26 hours in Honduras

Very fast crossing of the country with Argentinian food and discovery that Czechs make good guns

We cross the boarder in similar way like before – we pass the lines of waiting trucks. In Honduras we pay the entrance fee and refuse all “amigos” who want to change our money and hold such a big pile of money which we don’t even dream about.

We cycle 50km more and we don’t see much difference from El Salvador (they have different currency and there are not pupusa stands on each corner). 30km is still ahead of us when we finally stop a car and with every hill we are happy for this help.
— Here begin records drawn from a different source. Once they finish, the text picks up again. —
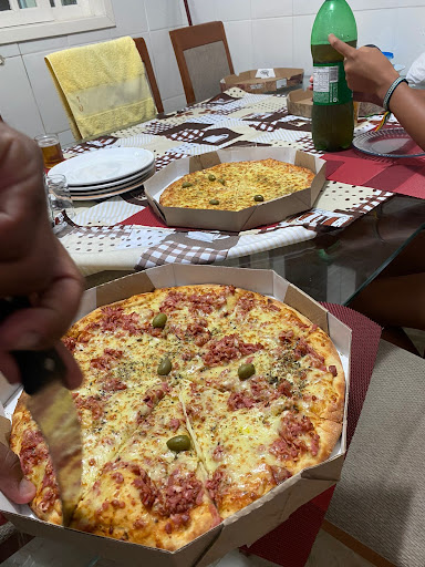 Boa noite, hoje fomos a pizzaria por indicação.. Seguem o feedback, importante a vocês. Pizza estava gostosa, massa fina, produtos bons. Cerveja original estava choca, de prontidão foi trocada, amstel e Heineken geladas, mas pouca espuma fazia a amstel. Vale a pena olhar se não é o lote. Copos para bebidas estavam com sujidade, gelo qid veio a mesa na cumbuca tinha algo amarelo preso nele. Pizza chama azeite, não tinha azeite na casa. Esse ponto pegou. Brigada do salao um pouco perdida, pedimos pizza 4 queijos e muzzarela, não sabiam qual era qual, importante pizzaiolo mostrar a brigada qual é qual, não sabiam. Isso se resolve com treinamento. Faltou um pouco de sorriso com atendente, foram solicitas, mas estavam um pouco perdidas quando restaurante encheu. Tv muito alta, mas baixaram o som quando pedimos. Banheiro sem papel pra enxugar as mãos, sobrou para a famosa secada na camiseta. Conta chegou, pedimos levar o que sobrou pra viagem, conta já emitida, aí fomos informados sobre cobrança extra pela caixinha (preço da pizza cobre este custo ja, até porque nem todos clientes levam sobras. Quem sabe um ventilador em cima das mesas internas como tem para o caixa deixe ambiente um pouco mais fresco, estava bem quente. Pedimos destilado, mas não tinha, mas não sei se servem por lá (cachacinha), Então fica só o comentário. Reboco ou pintura soltando no canto da mesa abaixo da TV, vale um retoque na pintura interna pra deixar ambiente mais...
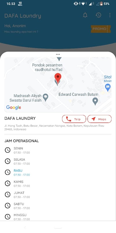 Artık Darul Falah İslami Yatılı Okulu - Batam'da DAFA Çamaşırhane ile özel olarak entegre edilmiş bir uygulama var.
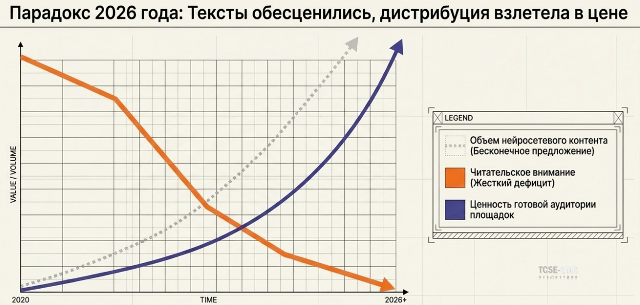 🎭 Акт 1: Парадокс 2026 года — контент обесценился, площадки подорожали
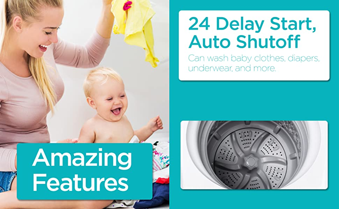 Enjoy additional capabilities on this portable washer machine, including 24 Delay Start, Auto Shutoff, and Child Lock. Because this is an impeller washer, you can even launder baby clothing, diapers, as well as lingerie without entanglement problems.
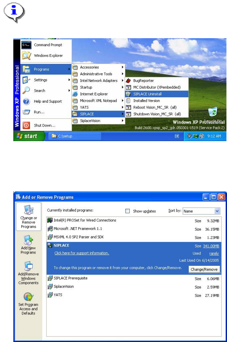 → Open the Start menu and choose Programs Æ SIPLACE Æ SIPLACE Uninstall.
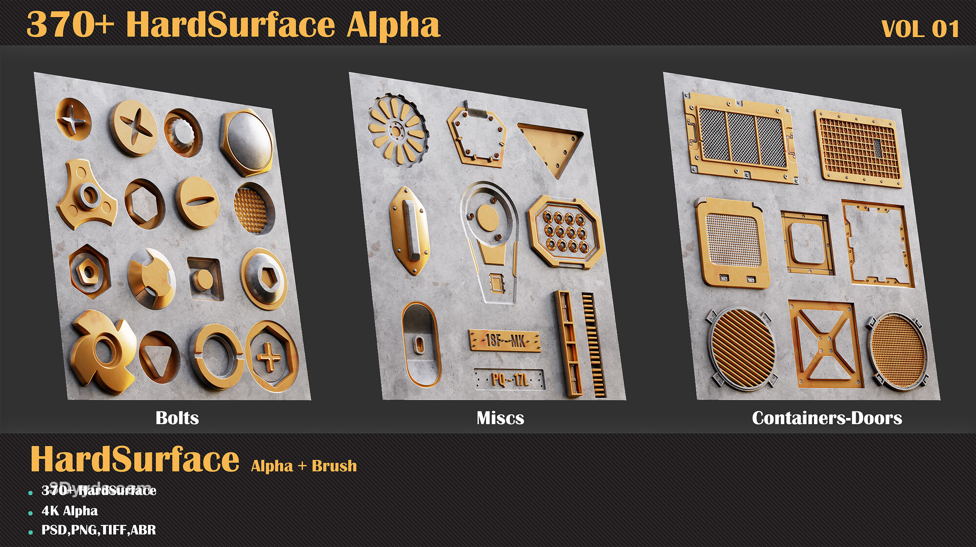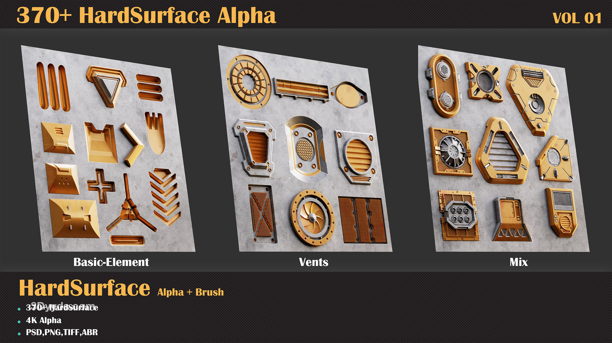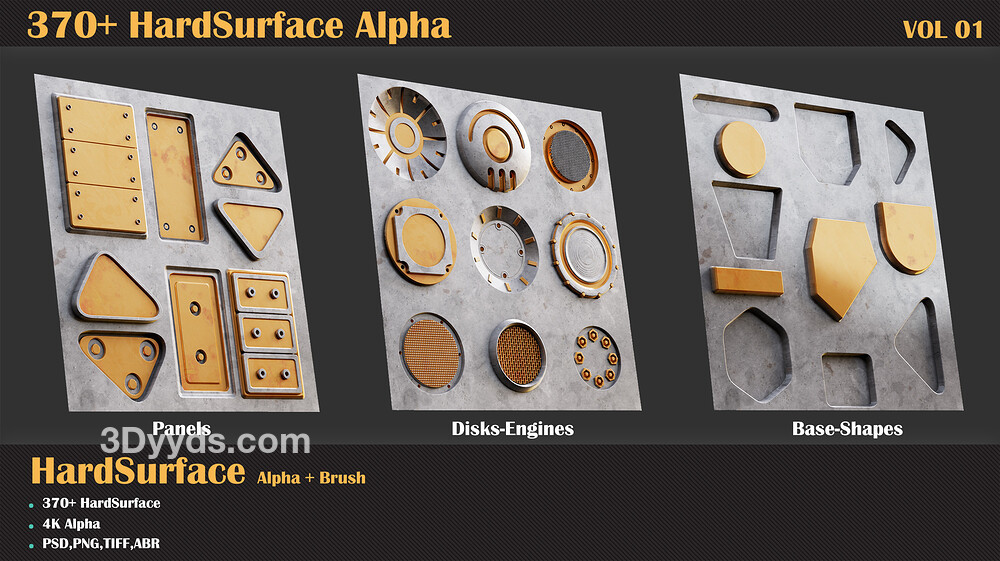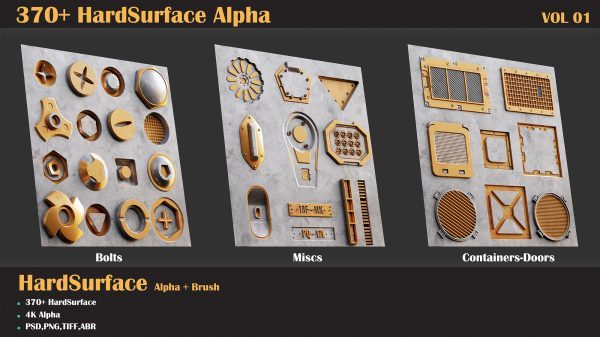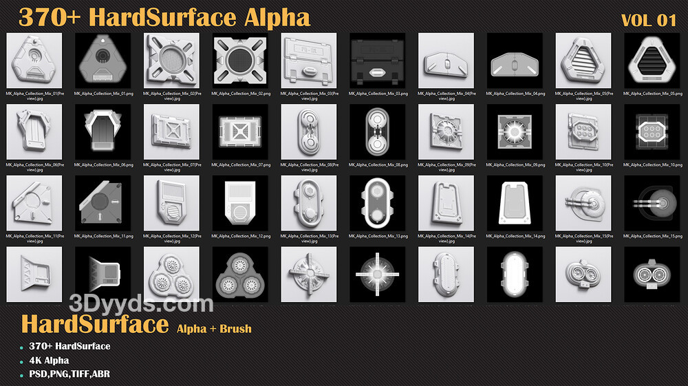 每当您需要创建硬表面模型时,都会有很多小细节,创建这些东西毫无意义。因此,您需要一个装满中小型细节的包,这些细节可以提高您的速度并帮助您创建更好、更令人惊叹的硬表面模型。我们收集了大约 370 多个不同类别的硬表面 alpha,以帮助您满足这方面的需求。这只是第 1 卷,加油!

In Choluteca we visit something like McDonald’s (they have wifi and we need to contact our today’s host and roaming on our phone doesn’t work :/) and wait for Mario. He comes with his friend Daniel. Both are very friendly and hospitable. They have perfect English and our Spanish is poor – easy to guess which language we speak most of the time. Mario hosts mostly motobikers and cyclists and so he can show us many interesting websites of people who stopped here. In the evening we try an Argentinian culinary specialty in Daniel’s stand (his father is from Argentina) and talk till we really feel we should go to get some rest. We sleep outside next to a pool table under a roof which is perfect till it starts to rain and the water drops on our heads.
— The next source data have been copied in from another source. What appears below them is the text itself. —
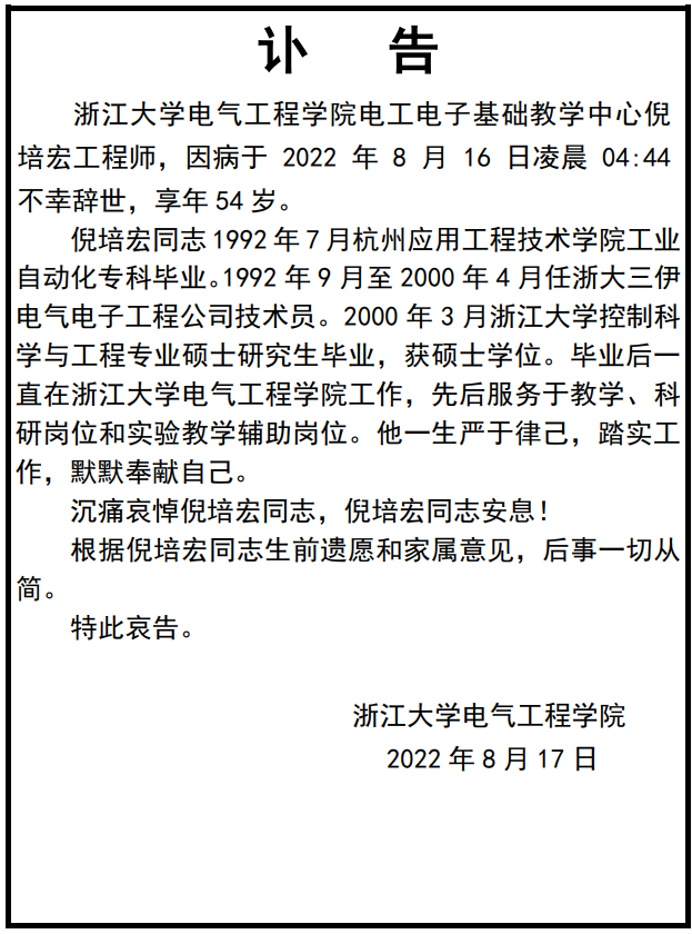 倪培宏老师讣告
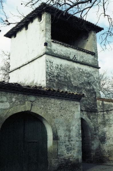 Tour-porte avec pigeonnier à l'étage.
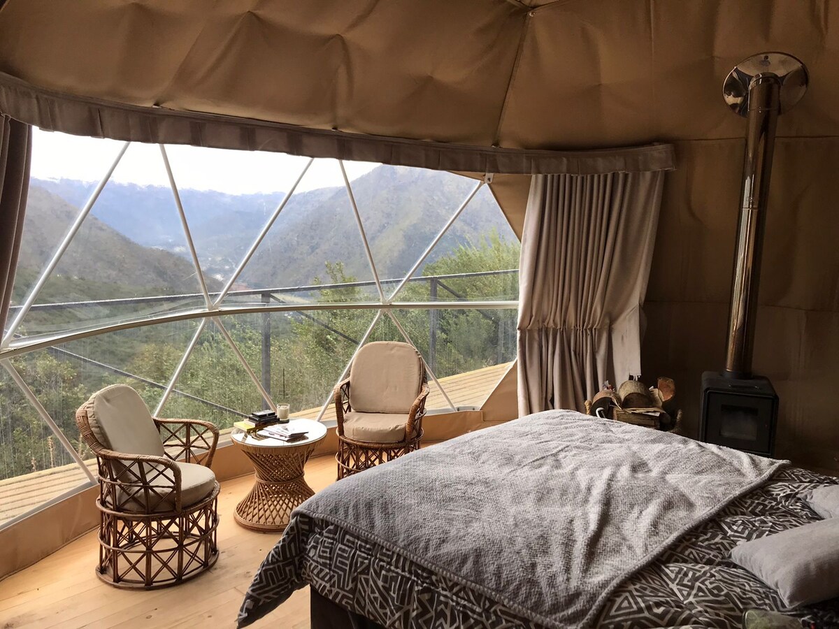 Quimsa Glamping Domo is the ideal space to reconnect with nature. Located between the mountains of the Maipo Valley and surrounded by native sclerophyllous forest, this Eco-sustainable Dome offers an unparalleled view and a Glamping experience that blends the connection with the natural environment but with the comforts of a comfortable place. Ideal for resting and relaxing, contemplating the native flora and fauna and charging yourself with the energy of the Andes Mountains.
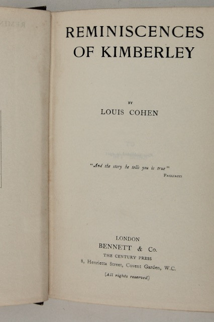 Reminiscences of Kimberley. London: Bennett, 1911. First edition (pp. ix, 436). Octavo (19 cm) in publisher’s purple cloth, gilt titles. Quite a scarce title— Cohen’s recollections, whether true or not, did not reflect favourably on the local establishment some members of which successfully sued him, at great cost to the author and detriment to the available supply of the Reminiscences on the market. This surviving copy is but lightly abraded at the head and tail of the spine, spine is sun-faded, a few spots to front cover; otherwise clean, bright, and sound. Scarce, for the reasons stated.

In the morning we pack wet sleeping bags and we follow the advice of locals to hitchhike from beginning (the road should be bad with a lot of potholes). Plus I feel really bad and I prefer not to bicycle much. A car with a whole family stops (parents, 2 children, grandma). We talk with them about world, Honduras, Slovakia… The head of the family has a little chaos in the history of Europe but he glorifies the quality of Czech guns (our brothers have good cheese and beer but I don’t know much about this field). We stop couple of kilometers before the boarder and while we say goodbye he pulls out a firearm… fortunately he just wants to show us the “Made in Czech republic” mark.

Another immigration, same procedure, rain and Nicaragua. In 26 hours in this country we haven’t seen almost anything, we talked with minimum of locals and we didn’t try any local food. We cannot say almost anything about the country… but maybe we’ll return one day and will discover it’s beauties and tastes.